Saved data entries
━━━━━━━━
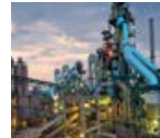
Grouts & Anchors
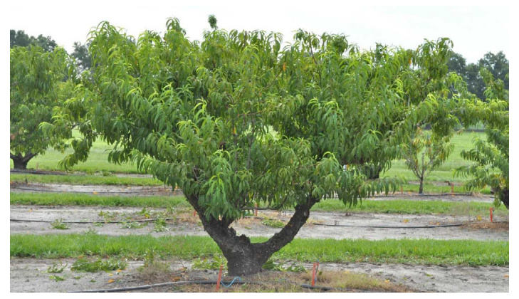
Figure 11. A finished example of summer-pruned peach tree 'Tropicbeauty' grown in Citra.
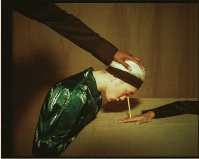
Dries Van Noten 绿色外套
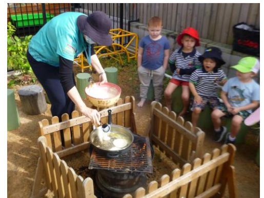
Campfire fun at St Joseph's Catholic Kindergarten, Bundaberg.
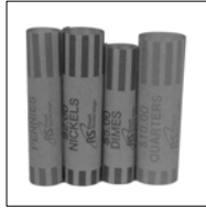
Coin Wrapper Starter Pack
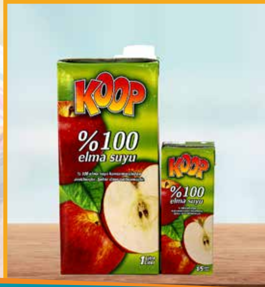
100% Apple Juice
━━━━━━━━
### WORK REQUEST
Output each record precisely as it appears, and drop every picture.

### OUTPUT OF THE TASK
Grouts & Anchors
Figure 11. A finished example of summer-pruned peach tree 'Tropicbeauty' grown in Citra.
Dries Van Noten 绿色外套
Campfire fun at St Joseph's Catholic Kindergarten, Bundaberg.
Coin Wrapper Starter Pack
100% Apple Juice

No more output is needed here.